Sunday, November 13, 2016

Peak Design Everyday Backpack 20L Adventure #1 - Mt. Rubidoux Hiking Trail

     In my last post about the Peak Design Everyday Backpack, I only gave it a quick overview.  I could only give my initial impressions about the aesthetics and manufacturing quality of the bag.  I'm not gonna lie to you.  I haven't hiked in a long time.  I won't say how long...but long. Let's just say I must've been prettttttyy darn excited to use this backpack to decide to go hiking with it.  

     So I packed it up with my 5d mark II (the III was in the shop for a repair), my 28mm, and my 135mm. I also packed my Instax SP-2 printer, extra batteries, my Canon G7x, a snack, and my coffee tumbler.  Basically, I packed like I was moving. ;) I think the hike I did was about 1 mile each way, but I just wanted to see how the backpack would hold up and feel with all the weight on me.  

     Mt. Rubidoux is an uphill hike.  I wasn't really expecting that despite the "Mt." part LOL.  I don't know what I was expecting, because, again...LONG TIME.  By the way, if you've never been, there is a park nearby the hiking trail that you can park at.  It's got a nice long name that starts with a T that I cannot recall.  I'm sure you'd be able to easily locate it on Google maps.  EDIT:  It's actually called Ryan Bonaminio Park, and it's on a street called Tequesquite.

     I loved that the side pockets stretched to accommodate my coffee tumbler.  My Instax SP-2 is stuffed into the other side.

     I decided to take a little break to enjoy the view catch my breath. 

     It was refreshing to not have to fumble through my bag looking for stuff.  Everything has its designated spot because of all the organization that is built into the everyday backpack.  

     We finally reached the spot that I had only seen in photos.  This is pretty iconic of Mt.

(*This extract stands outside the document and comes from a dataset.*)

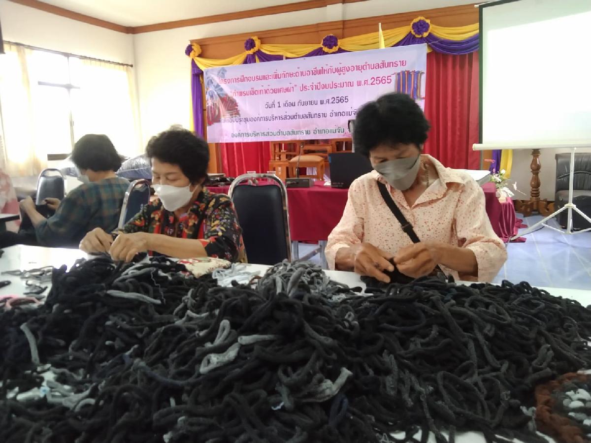 โครงการฝึกอบรมและเพิ่มทักษะด้านอาชีพให้กับผู้สูงอายุตำบลสันทราย “ทำพรมเช็ดเท้าด้วยเศษผ้า” ประจำปีงบประมาณ พ.ศ. 2565
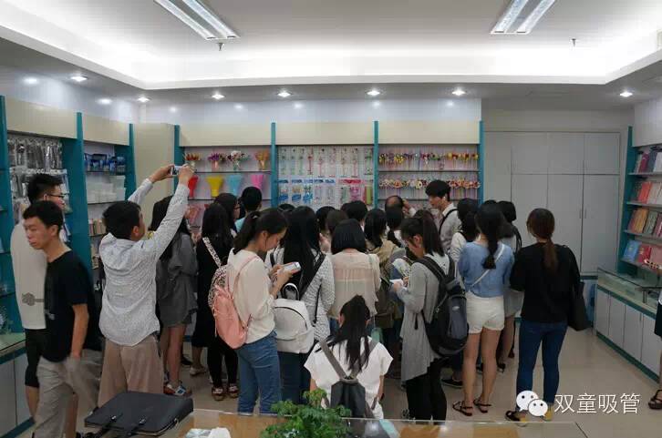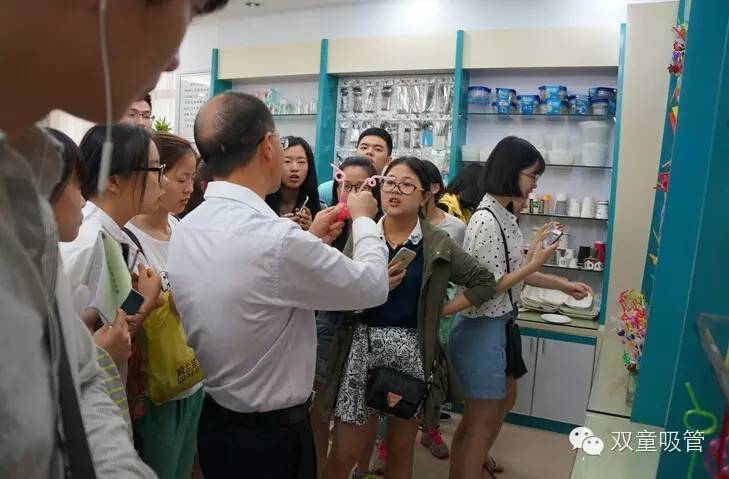 而當(dāng)參觀隊伍匯總到樣品房時,當(dāng)家人的“導(dǎo)游”講解更加賣力了: “這根吸管埋在土里三個月就能自行降解,因為它是玉米淀粉做的?!?“哇!” “這根吸管有二十多個零配件,有好幾項專利。” “哇!” 在雙童吸管樣品房里,隨著當(dāng)家人樓總對產(chǎn)品的介紹,浙師大的妹子們一起發(fā)出的贊嘆不絕于耳!

Rubidoux, although there is a large white cross if you hike up the hill to the actual top (which I did not). 

     One of the things that I really enjoyed about the everyday backpack was  that it did not move around during the hike.  It stayed in place, and the straps were nice and comfortable.  Because the materials used to make the bag were of such great quality, I felt like my gear had enough protection from getting damaged or moving around. 

     For those of you looking for size comparison, I have the 20L backpack.  I am 5'1" (on a good day), and my body type is "a little more to love" LOL.  The 30L would be far too big for me.  I find that the 20L feels like a normal backpack size on my frame.  What would be amazing is if Peak Design came out with a backpack that is one size smaller.  It would solve the problem of people who love the feel of a backpack, but don't want to carry that much gear.  The 20L size is perfect for travel, hiking, and commuting.  If you're a taller/bigger person, the 30L is probably equally great for you.

     So this picture below is the only picture I took with my 5d mark II.  Everything else was taken with the G7x.  If this hike taught me anything, it's taught me I need to get out and hike more. :)  #outofshape

     I love the mag latch on the backpack.  It is a genius invention, and not once did I feel it would come loose, or that my things would fall out.

     Another feature that I really love is the key attachment.  It uses the Peak Design anchor link system.  I've since bought the Peak Design Slide camera strap, and I'm totally sold on the anchor link system.  If you're tired of your current camera strap (and I've owned a LOT of them!), then check out the Slide.  So far I'm loving it! :)

     After the hike, I met up with some friends who wanted to see my new backpack for lunch at Mendocino Farms.  I had the "Thanksgiving" sandwich, and it was delicious!